Glenn Cadrez

No. 50, 59, 51
- Position: Linebacker

Personal information
- Born: January 2, 1970 (age 56) El Centro, California, U.S.
- Listed height: 6 ft 3 in (1.91 m)
- Listed weight: 240 lb (109 kg)

Career information
- High school: Central Union (El Centro)
- College: Houston
- NFL draft: 1992: 6th round, 154th overall pick

Career history
- New York Jets (1992–1995); Denver Broncos (1995–2000); Kansas City Chiefs (2001–2002);

Awards and highlights
- 2× Super Bowl Champion (XXXII, XXXIII);

Career NFL statistics
- Tackles: 254
- Sacks: 14.5
- Interceptions: 3
- Stats at Pro Football Reference

= Glenn Cadrez =

American football player (born 1970)

Glenn E. Cadrez (born January 2, 1970) is an American former professional football player who was a linebacker for 11 seasons in the National Football League (NFL), primarily for the Denver Broncos.
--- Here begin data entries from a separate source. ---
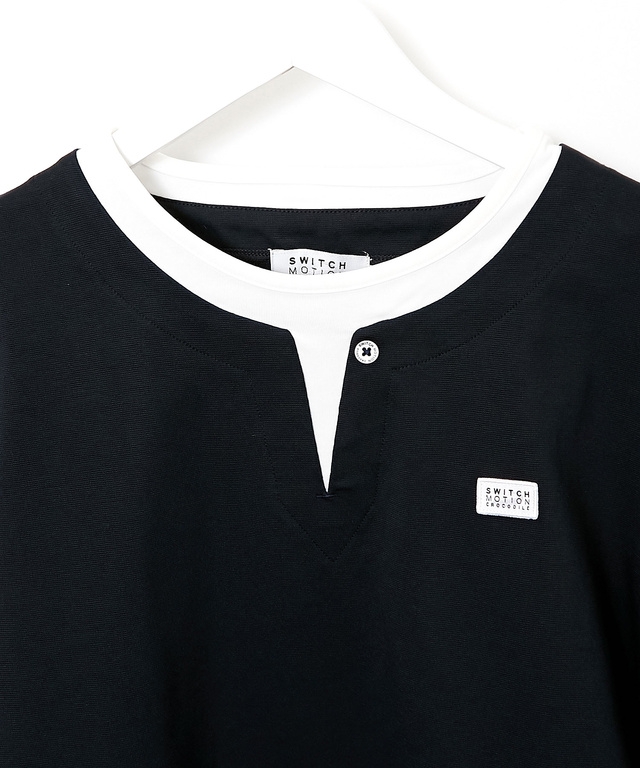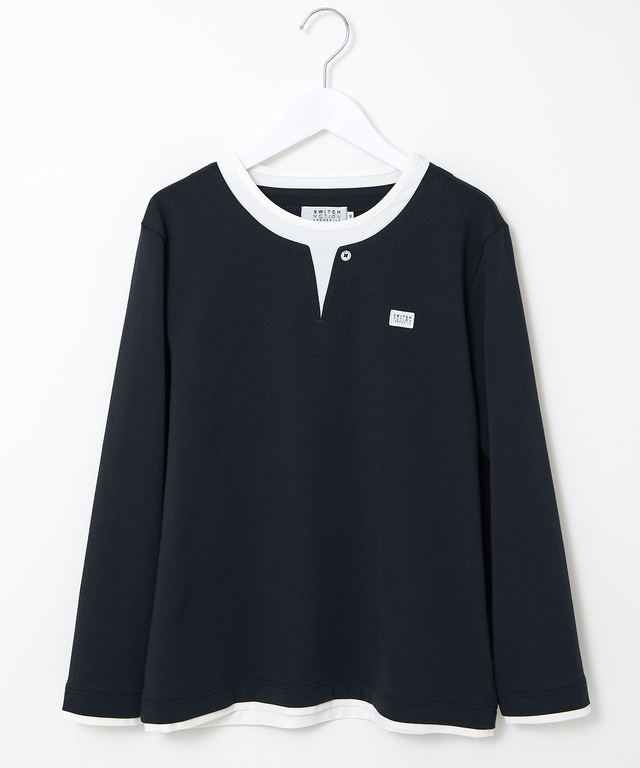 プレーティング天竺素材を使用したカットソー。レイヤード風のデザインで1枚でコーディネートが完成するアイテムです。ベーシックなカラー展開でボトムスを選ばずに着ていただける着丈感です。
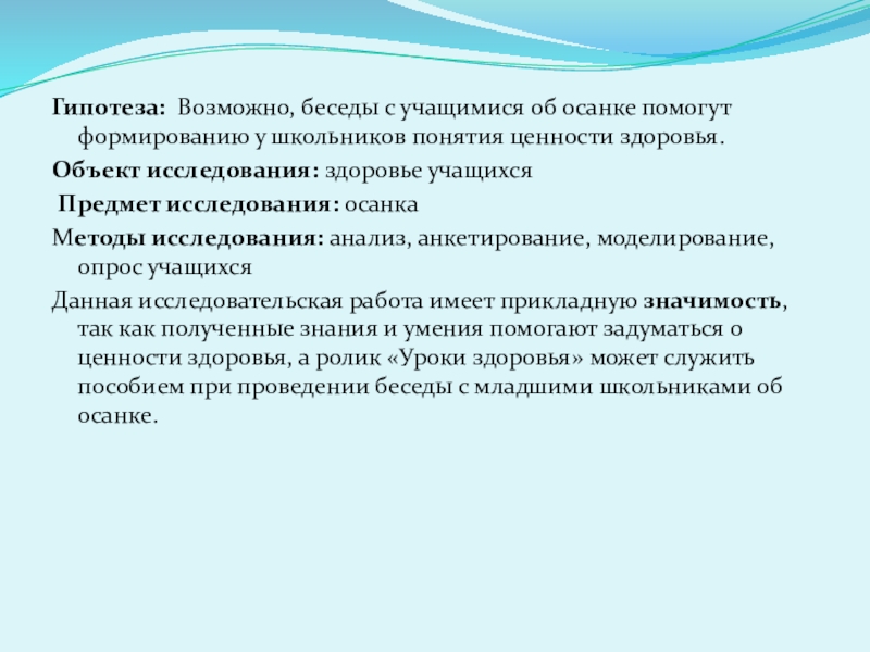 Слайд 3Гипотеза: Возможно, беседы с учащимися об осанке помогут формированию у школьников
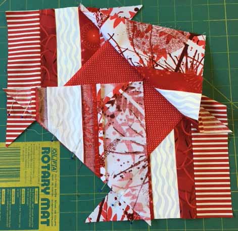 PLEASE DO NOT TRIM THE BLOCK OR TIDY UP THE IRREGULAR EDGES.  THIS WILL BE DONE BEFORE THE BLOCKS ARE SEWN TOGETHER.
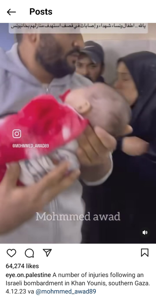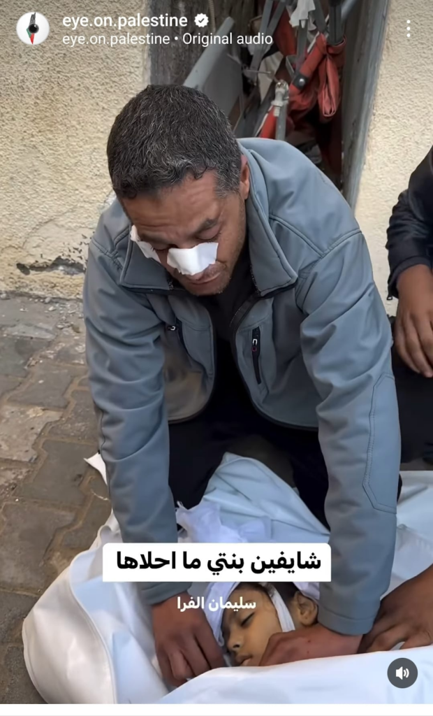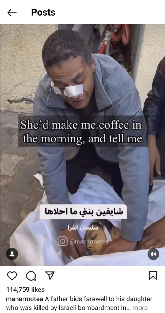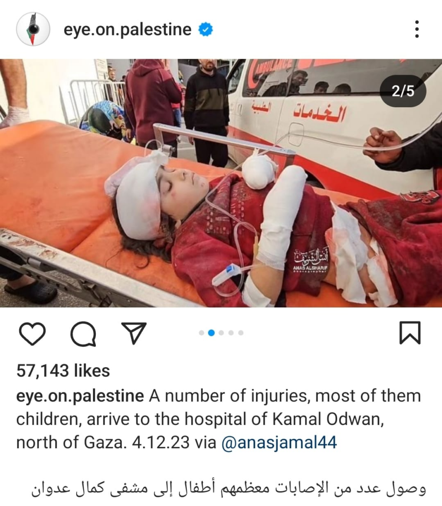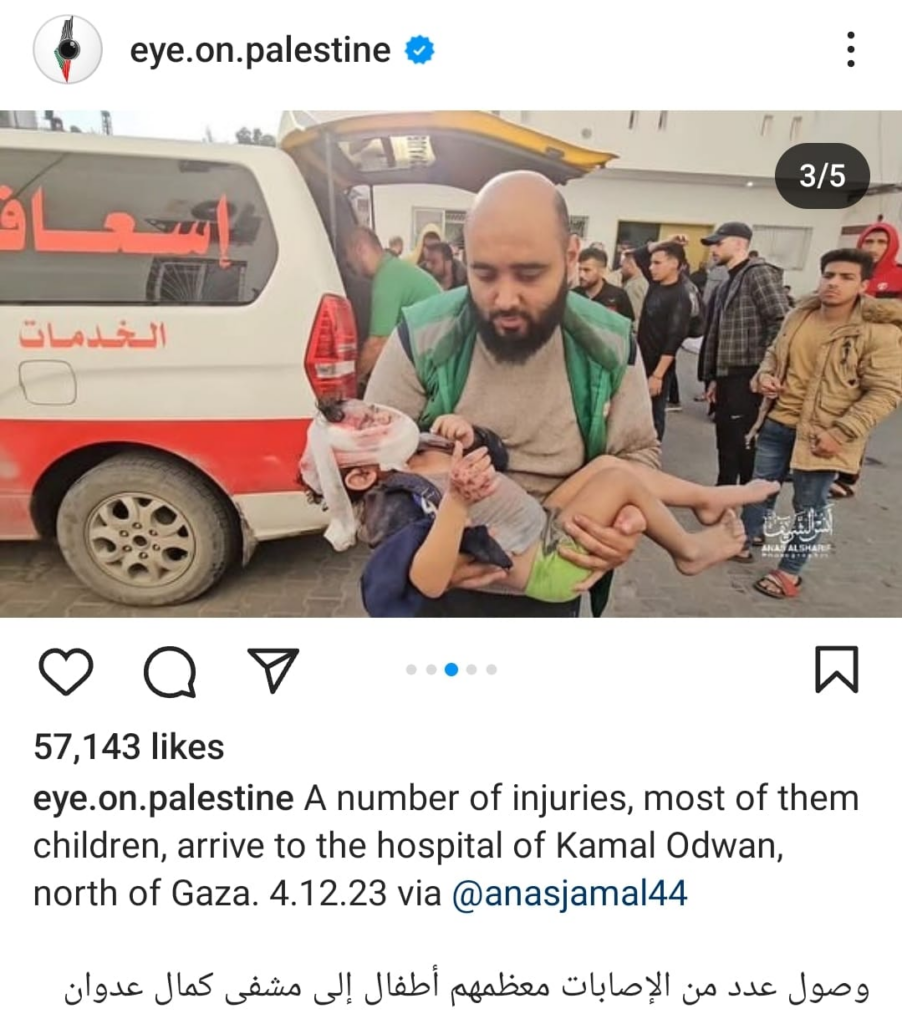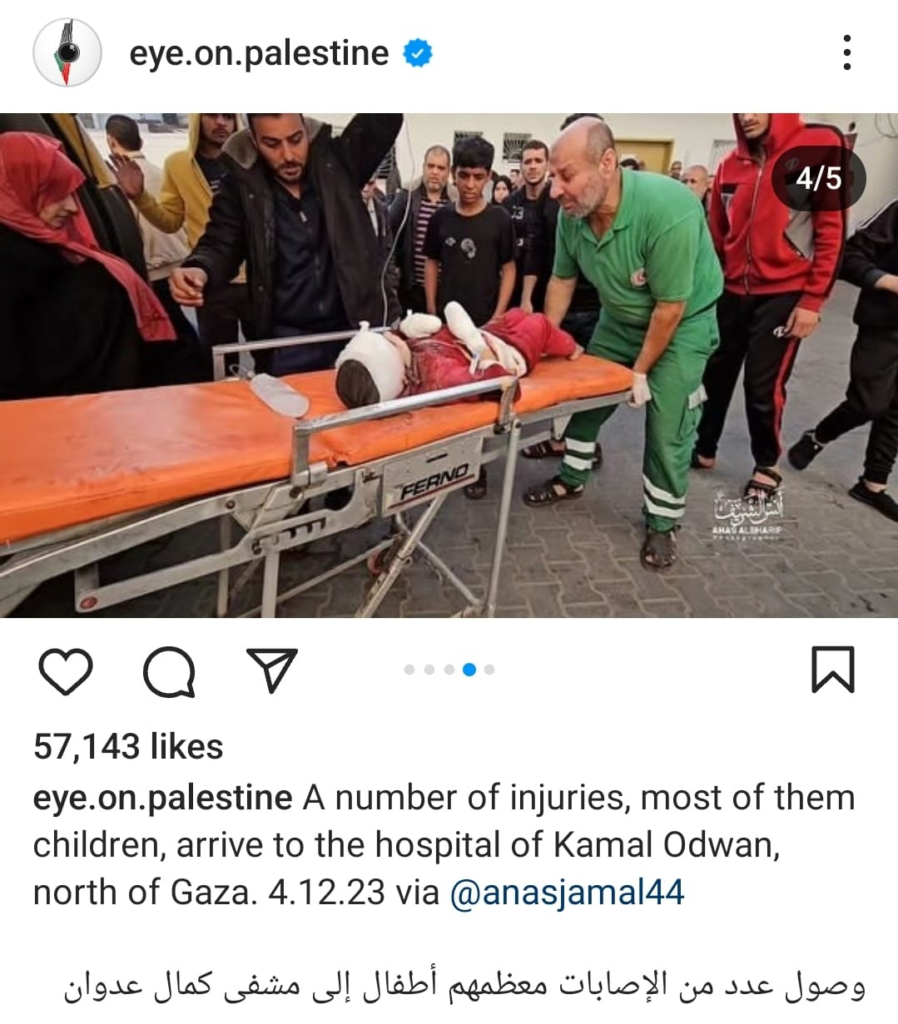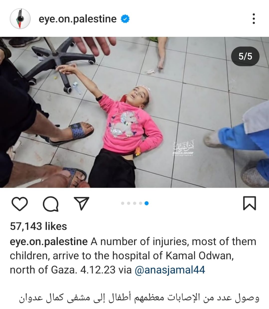 The Eye on Palestine Instagram account, in screenshots shared by Facebook user Nourhan Farouk, noted that “a number of injuries, most of them children, arrive[d] to the hospital of Kamal Odwan, north of Gaza” and shared a photo of a young girl with bandages on her face, hands, and abdomen lying on a gurney. Another screenshot shows a medical worker carrying a very young wounded child with bandages and blood on his face into the hospital. A further screenshot shared shows a man crying over a child’s shrouded body, likely that of his daughter. The post’s caption relates the father’s memories of his daughter making him coffee: “She’d make me coffee in the morning (…) I’d tell her, yes, your coffee tastes better, Mays”.
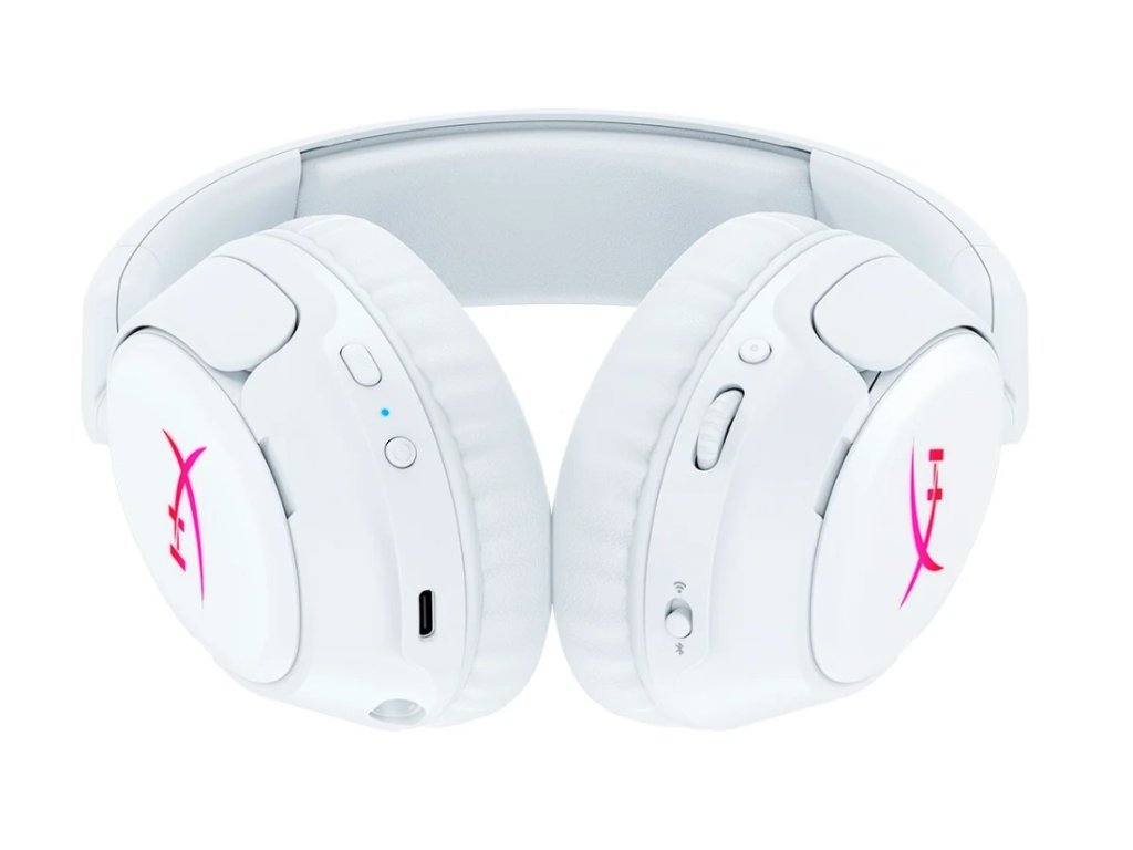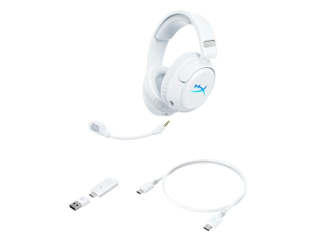 HyperX Cloud Flight 2 Wireles Gaming Headset Bílá Bezdrátová herní sluchátka, přizpůsobitelné RGB osvětlení s odnímatelnými kryty sluchátek, výdrž baterie až 100 hodin, duální bezdrátové připojení (2,4 GHz a Bluetooth), okamžité spárování s vybranými notebooky OMEN, kompatibilita s více platformami, šikmé 50mm měniče. Specifikace: Sluchátka Typ ovladače: Dynamický, 50mm Form factor: Přes hlavu Frekvenční odezva: 20Hz - 20kHz Citlivost: 103,5 dBSPL při 1 kHz (1 mW) Typ rámu: Plastový Boom mikrofon Směrová charakteristika: jednosměrná Frekvenční odezva: 100Hz - 10kHz Citlivost: -20,5dB Built-In mikrofon Směrová charakteristika: všesměrová Frekvenční odezva: 100Hz - 10kHz Citlivost: -15dB Konektivita Audio připojení: 2.4GHz Wireless USB, OMEN Instant Pair, Bluetooth USB Audio formát: Stereo playback, mono microphone USB: USB 2.0 Vzorkovací frekvence: 96/48kHz playback, 48kHz microphone Bitová hloubka: přehrávání 24/16 bitů, mikrofon 16 bitů ,  , Baterie Typ: Dobíjecí lithium-ion Nabíjecí doba: <, 3.5 hodin Bezdrátové připojení Typ: 2.4GHz, Bluetooth BT verze: 5.3 Dosah: až 20 metrů Podporované BT kodeky: ,SBC, MPEG-2 AACPodporované BT profily: AVRCP, A2DP, HFP, HSP Hmotnost: 340g (sluchátka), 11g (boom mic), 8g (USB wireless dongle) Kabel: 0,5m USB-C na USB-C cable Záruka: 2 rokyDodatočné parametre

He played for the Broncos from 1995 to 2000 and was a starter in Super Bowl XXXIII and also played in Super Bowl XXXII, making him a two-time Super Bowl champion.

==Career==
Cadrez was the 154th overall pick in the 1992 NFL draft after playing college football for the Houston Cougars. He played for the New York Jets (1992–1995), Denver Broncos (1995–2000), and Kansas City Chiefs (2001–2002). He was named the AFC Defensive Player of the Week 10/11/98-10/17/98.

==Post-playing career==
Cadrez also hosted the Brawley, California, based sports talk show "The Saturday Morning Blitz". The focus was Major League Football with local high school football talk throughout the show. During the 3-hour broadcast, from 9 am to 12 noon, Cadrez and his co-host talked about current NFL games, highlighted the night-before high school games of the Valley, and talked to past and present NFL coaches and team members. The show ran on Saturdays beginning August through January 2003 and again in the 2004 season before Cadrez moved on to other activities. The show aired live on KROP-AM 1300 of Brawley, California.

After Cadrez's football career ended, he and fellow former University of Houston teammate Christopher Tuffin co-founded the horror film finance, production, and sales outfit BloodWorks.

==Personal life==
Cadrez married a woman from his home town, El Centro, California, named Betsy Burke-Cadrez, and had three children. After divorcing, he married former Baywatch star and Playboy Playmate of the Year, Brande Roderick, whom he met while playing a role in his third film Hood of Horror. They were engaged in August 2006 and married in 2007. They divorced in 2017.

Cadrez has three daughters and two sons: Tahnee Freda, Caylee, Phoebee, Keaton, and Kannon.